In sum, the impact of aversion on the brain is contingent upon expectations about whether the aversive outcome is a definite certainty or only a possibility. The neural mechanisms of this phenomenon include the ACC, insula, and amygdala. Extending prior work demonstrating recruitment of these regions in response to a wide range of aversive stimuli, mid-insula and amygdala activation to aversive pictures was greater after an uncertain cue that was sometimes followed by an aversive picture as compared with a certain cue that was always followed by an aversive picture.

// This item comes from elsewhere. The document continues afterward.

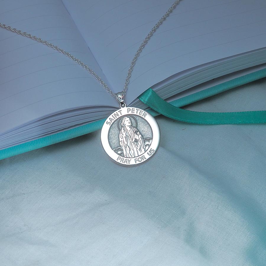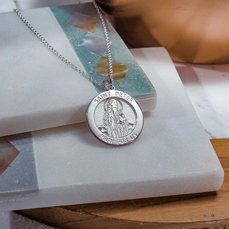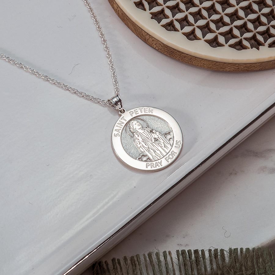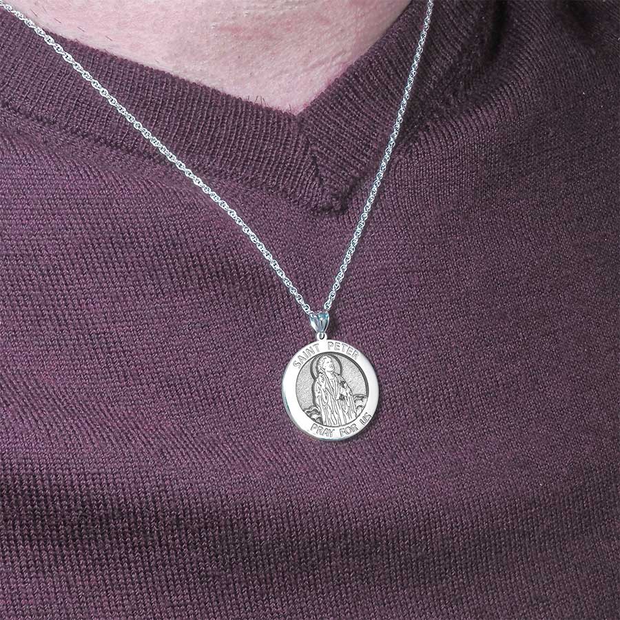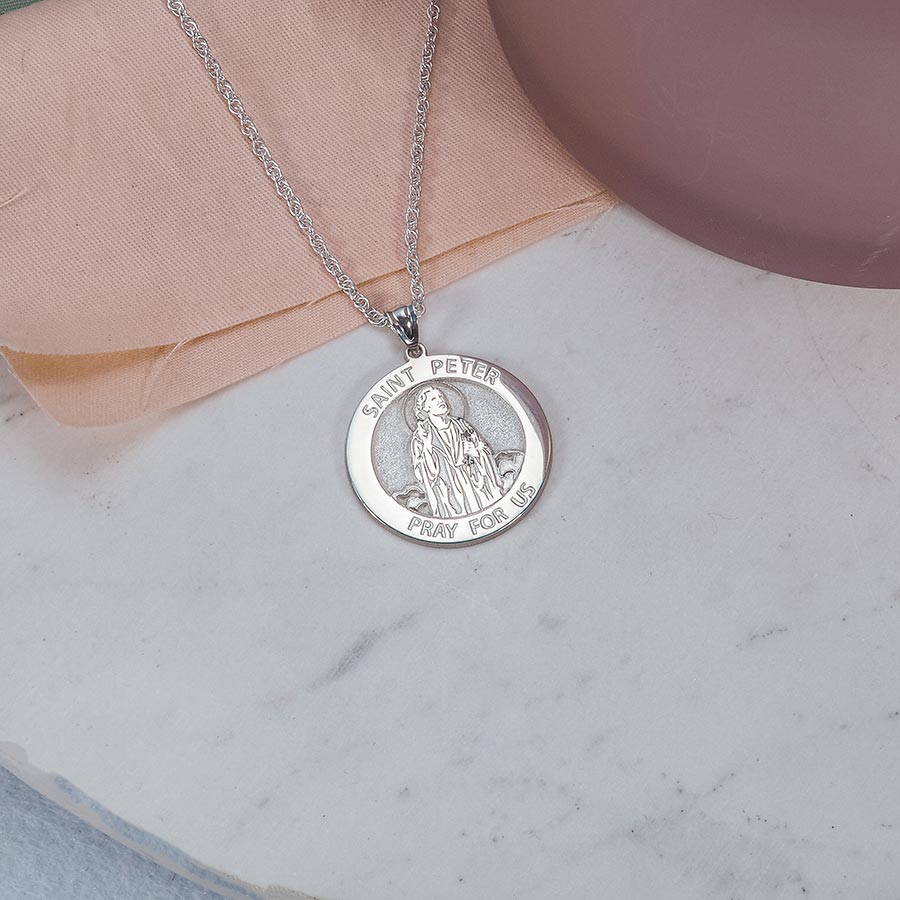 All Religious Medals are Customizable. We can change the spelling, your language, names etc, ex: change "Pray for Us" to "Pray For Me". Just let us know in "special instructions"The Apostle Peter, also known as Saint Peter, Shimon "Keipha" Ben-Yonah/Bar-Yonah, Simon Peter, Cephas and Keiphaoriginal name Shimon or Simeon (Hebrew: ) ( (Acts 15:14)was one of the Twelve Apostles whom Jesus chose as his original disciples. His life is prominently featured in the New Testament Gospels and the Acts of the Apostles. Peter was a Galilean fisherman assigned a leadership role by Jesus (Matthew 16:18; John 21:1516). Many within the early Church, such as St. Irenaeus[1], allege, assert, or argue for his primacy among the apostles.

Anticipatory activity in the supragenual ACC predicted this impact of uncertainty on mid-insula responses to aversion, whereas anticipatory activity in the subgenual and pregenual ACC predicted this impact of uncertainty on amygdala responses to aversion. Findings for covariation bias suggest that multiple ACC and insula areas influence perceptions of cue–outcome contingencies, resulting in the observed overestimations of aversive pictures following the uncertain cue. This study highlights the importance of chronometry in the context of uncertainty and aversion by dissociating anticipatory ACC effects from neural responses to aversive stimuli that follow. Individual differences in ACC and insula activation have behavioral significance of particular relevance to anxiety disorders, both in terms of disposition toward negative affect and a covariation bias that accompanies uncertainty about aversive outcomes.